● **Extracted records**
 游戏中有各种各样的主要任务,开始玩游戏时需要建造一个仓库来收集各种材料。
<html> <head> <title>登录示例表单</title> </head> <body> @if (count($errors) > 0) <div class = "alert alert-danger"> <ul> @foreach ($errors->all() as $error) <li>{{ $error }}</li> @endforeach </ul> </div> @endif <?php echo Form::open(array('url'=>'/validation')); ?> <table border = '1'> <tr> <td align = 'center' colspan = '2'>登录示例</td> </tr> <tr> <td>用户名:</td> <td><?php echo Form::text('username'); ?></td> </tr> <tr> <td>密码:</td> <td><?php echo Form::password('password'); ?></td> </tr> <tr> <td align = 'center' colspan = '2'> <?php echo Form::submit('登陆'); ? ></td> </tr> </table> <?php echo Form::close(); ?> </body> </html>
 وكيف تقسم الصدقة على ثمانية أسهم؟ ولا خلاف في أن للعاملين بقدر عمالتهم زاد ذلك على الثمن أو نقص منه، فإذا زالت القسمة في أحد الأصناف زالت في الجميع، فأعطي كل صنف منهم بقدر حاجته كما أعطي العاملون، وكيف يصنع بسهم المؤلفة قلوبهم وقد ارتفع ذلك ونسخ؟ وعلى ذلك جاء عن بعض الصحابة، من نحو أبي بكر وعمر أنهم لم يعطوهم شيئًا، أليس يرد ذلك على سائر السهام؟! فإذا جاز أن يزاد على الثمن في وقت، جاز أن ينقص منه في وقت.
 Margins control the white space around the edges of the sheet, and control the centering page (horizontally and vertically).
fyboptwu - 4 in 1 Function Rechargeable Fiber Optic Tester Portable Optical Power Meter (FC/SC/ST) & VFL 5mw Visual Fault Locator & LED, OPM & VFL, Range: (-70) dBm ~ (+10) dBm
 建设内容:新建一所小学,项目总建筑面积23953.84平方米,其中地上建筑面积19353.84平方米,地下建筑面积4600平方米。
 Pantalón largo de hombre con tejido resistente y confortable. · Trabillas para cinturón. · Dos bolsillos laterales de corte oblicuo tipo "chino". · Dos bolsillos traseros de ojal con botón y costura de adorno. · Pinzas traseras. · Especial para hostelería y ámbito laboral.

==

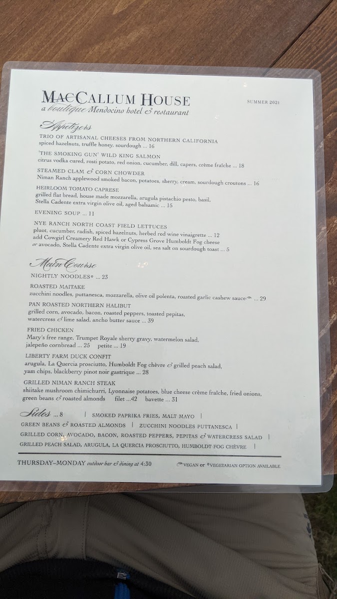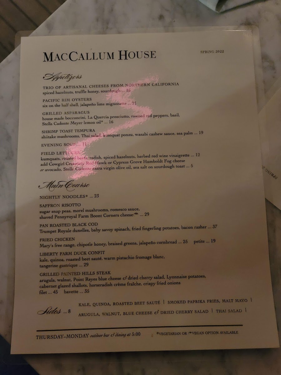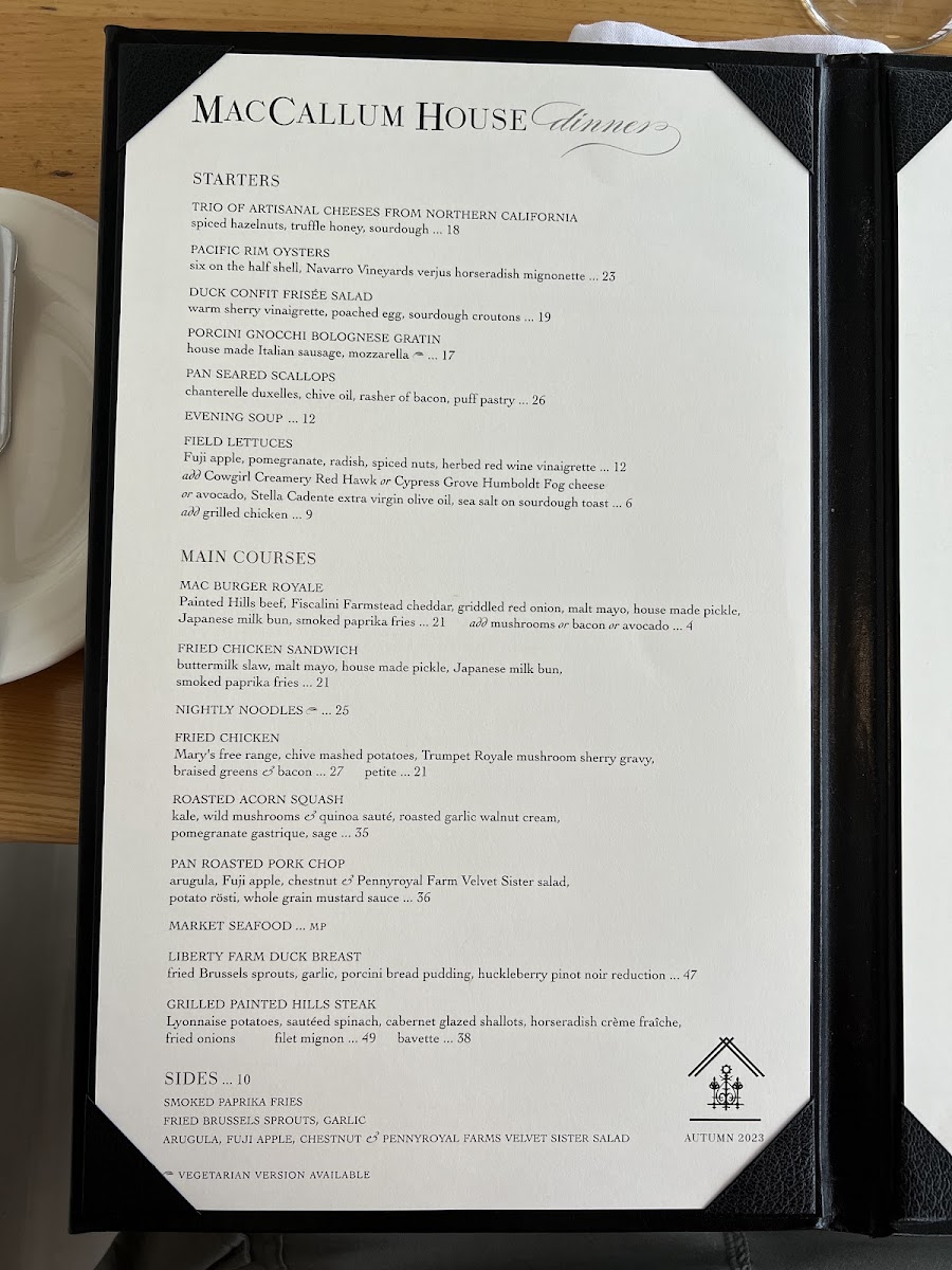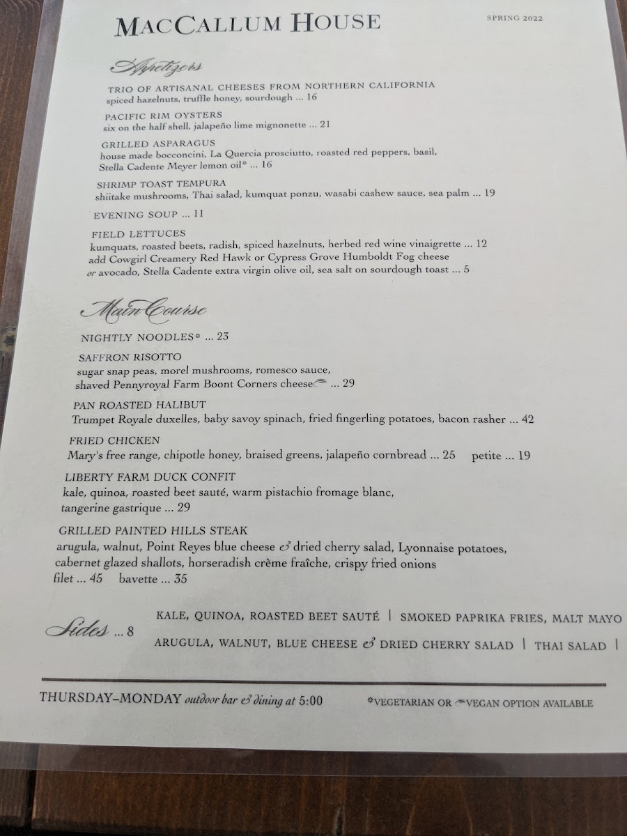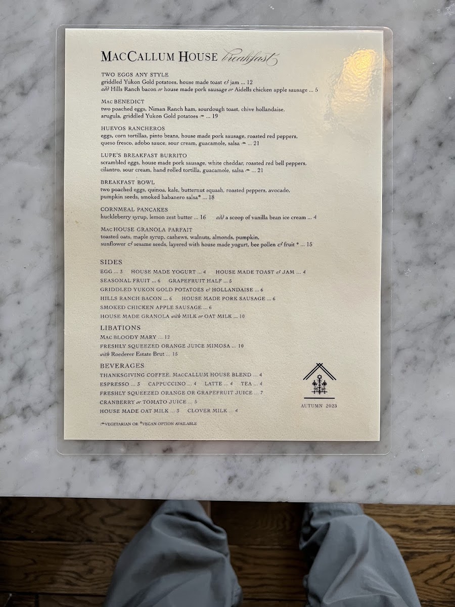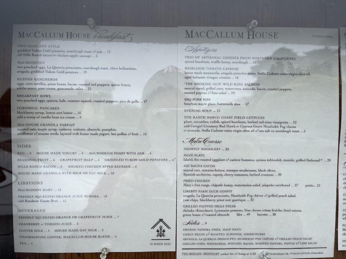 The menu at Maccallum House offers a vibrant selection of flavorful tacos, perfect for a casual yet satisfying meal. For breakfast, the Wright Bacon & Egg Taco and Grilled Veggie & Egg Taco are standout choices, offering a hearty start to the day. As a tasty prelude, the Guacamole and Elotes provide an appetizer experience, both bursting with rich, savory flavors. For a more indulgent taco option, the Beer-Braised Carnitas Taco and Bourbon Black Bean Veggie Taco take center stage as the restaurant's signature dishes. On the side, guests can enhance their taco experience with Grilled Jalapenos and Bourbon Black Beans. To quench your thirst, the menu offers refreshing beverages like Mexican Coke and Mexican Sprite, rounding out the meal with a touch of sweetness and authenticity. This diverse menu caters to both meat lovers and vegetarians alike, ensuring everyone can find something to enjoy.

● **Action item**
Would you output, from the records above, exactly the run of lines that starts at the line containing "Margins control the" and ends at the line containing "Pantalón largo de", and only that run?

● **Exercise solution**
 Margins control the white space around the edges of the sheet, and control the centering page (horizontally and vertically).
fyboptwu - 4 in 1 Function Rechargeable Fiber Optic Tester Portable Optical Power Meter (FC/SC/ST) & VFL 5mw Visual Fault Locator & LED, OPM & VFL, Range: (-70) dBm ~ (+10) dBm
 建设内容:新建一所小学,项目总建筑面积23953.84平方米,其中地上建筑面积19353.84平方米,地下建筑面积4600平方米。
 Pantalón largo de hombre con tejido resistente y confortable. · Trabillas para cinturón. · Dos bolsillos laterales de corte oblicuo tipo "chino". · Dos bolsillos traseros de ojal con botón y costura de adorno. · Pinzas traseras. · Especial para hostelería y ámbito laboral.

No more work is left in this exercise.